Learn to Use a Recursive CTE in SQL Query
A detailed tutorial on Recursive Common Table Expressions (CTE) in SQL. We’ll show you examples of how to use them and compare them with Non-Recursive CTEs.
Common Table Expressions or CTEs are advanced features in SQL that allow you to create temporary tables to reference within your SQL query. Apart from the non-recursive CTEs that are commonly used in SQL queries, everywhere, there’s also the recursive kind that allows the CTEs to reference themselves.
In this article, we will learn all about Recursive CTEs, and how they work, look into some examples, and also compare them with Non-Recursive CTEs. By the end of this article, you will understand recursions in CTEs and how to effectively use them in your daily queries.
What Are Common Table Expressions (CTEs)?
Before we begin looking into recursions, let us get the basics covered. If you’re not already familiar with Common Table Expressions, here is the general idea of it. CTEs are synonymous with subqueries but they have their own temporary table names and contain rows and columns of data created during execution. The temporary tables are cleared after execution. While active, these CTEs aid in query reusability and improved performance.
CTEs can help reduce the complexity of the queries and promote better readability. But there is a level of complexity that simple CTEs cannot solve. In cases where you are dealing with hierarchical data, for instance, bigger projects broken down into smaller modules, a dynamic webpage with multiple links, and the organizational structure of a company; such tables, and graphs require recursion to extract information.
This is where recursive CTEs come into play.
Hierarchical and Graph Data Structures
Hierarchical and graph data structures are widely employed in SQL to facilitate recursion, enabling the representation and traversal of data relationships. Let's delve into each structure and its distinctive traits.
The hierarchical data structure pertains to a relationship between a parent and a child, where each child has a single parent. It is typically represented in SQL using a self-referencing table, where a column refers to its own primary key. This type of structure is ideal for depicting data with a rigid hierarchy, like organizational charts or file systems. For instance, in an employee table, each row can contain a reference to its manager through a foreign key. By employing recursive queries in SQL, it becomes possible to navigate this hierarchical structure, enabling the retrieval of all descendants or ancestors associated with a specific node.

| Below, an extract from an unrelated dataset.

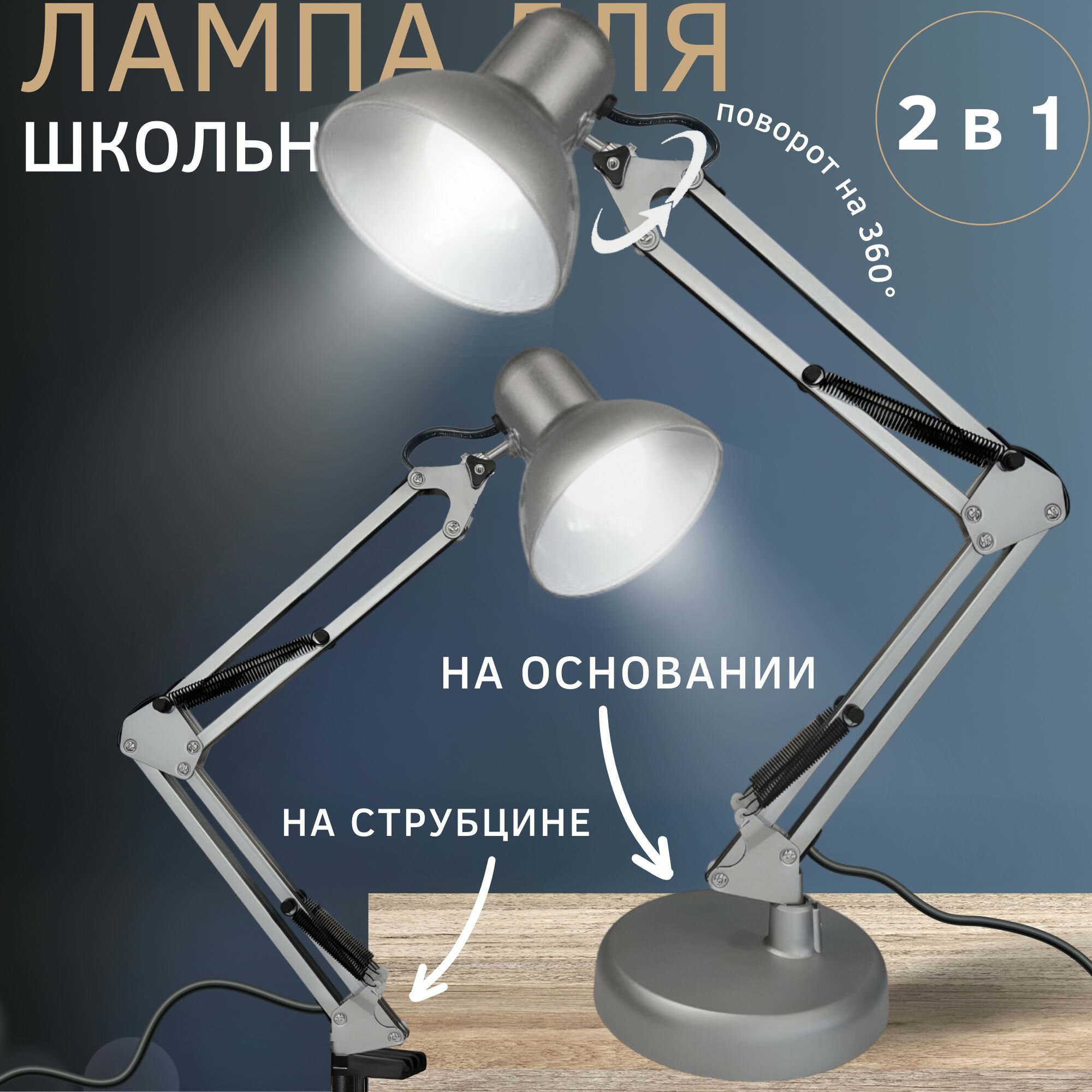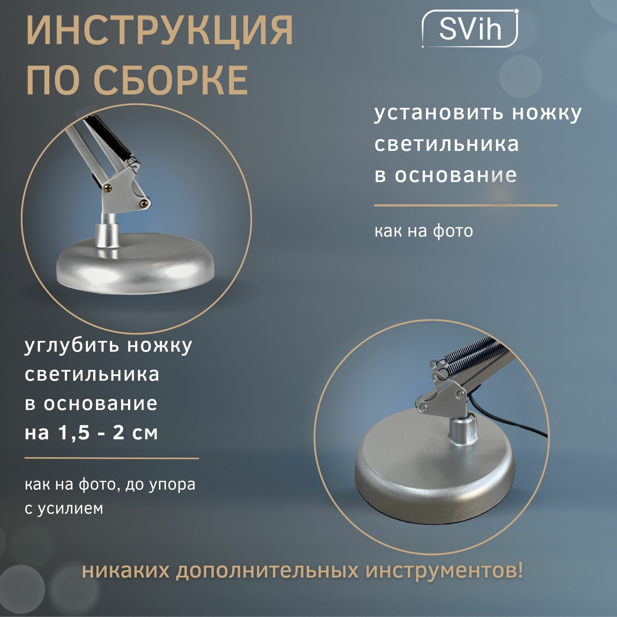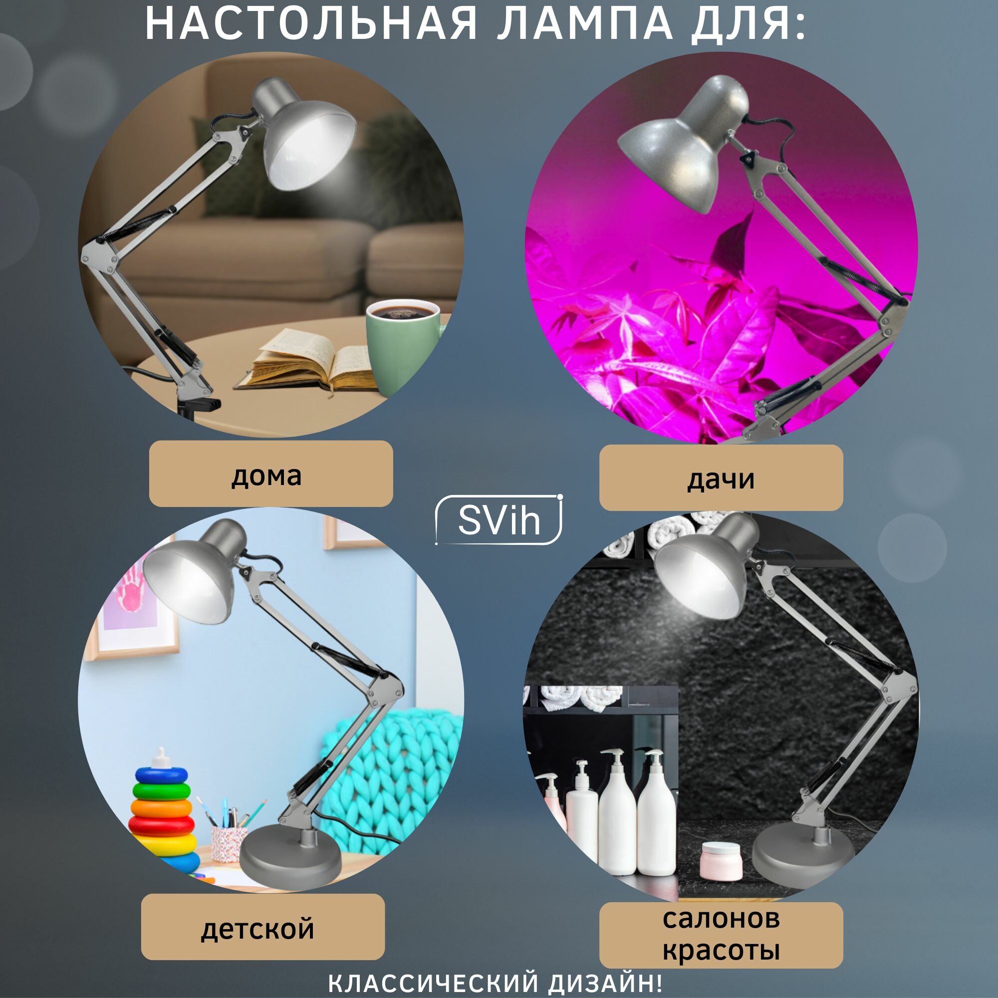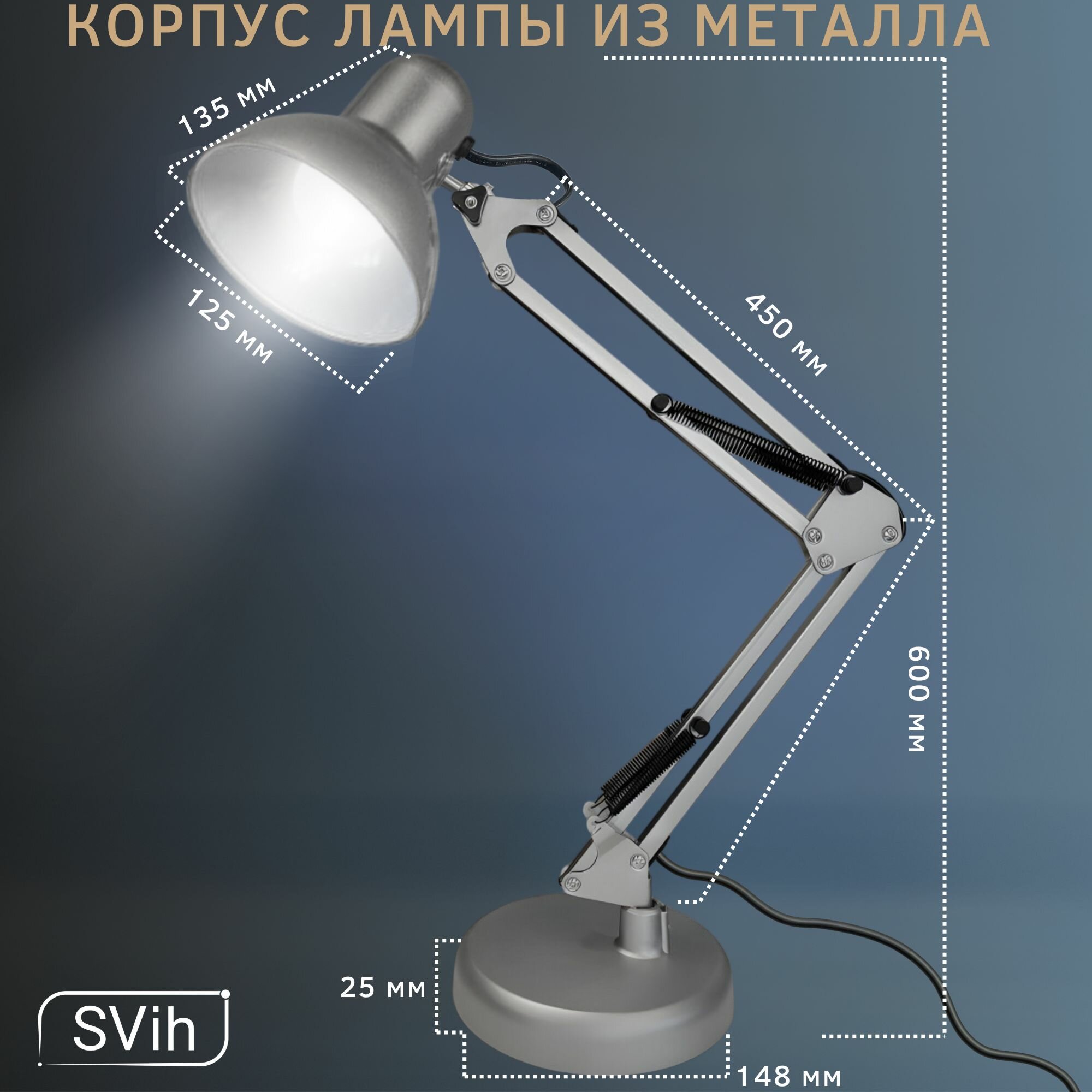 Настольная лампа SVih, цоколь E27, поворотная, серебристый плафон, 60 Вт, на струбцине интересное:

A hierarchical data structure typically appears as a tree-like structure, where each element has a specific parent-child relationship. It consists of levels or layers, starting from a single root node at the top, branching out into multiple child nodes, and further branching out into subsequent child nodes, forming a hierarchy.
Visually, a hierarchical data structure can be represented as follows:
Here, the "Root" node represents the highest level in the hierarchy, with the "Child" nodes branching out from it, and further extending into "Grandchild" nodes. Each child node has a single parent, and each grandchild node has a single parent as well.
An example of it would be an organizational structure as shown below:
This example represents the reporting relationships within an organization. This structure facilitates seamless traversal from high-ranking executives to their corresponding departments, teams, and individual employees, enabling smooth navigation within the organization.
Recursive SQL queries can be applied to navigate this hierarchical arrangement and execute tasks such as retrieving all employees subordinate to a particular manager or determining the hierarchy of command from a specific employee to the CEO.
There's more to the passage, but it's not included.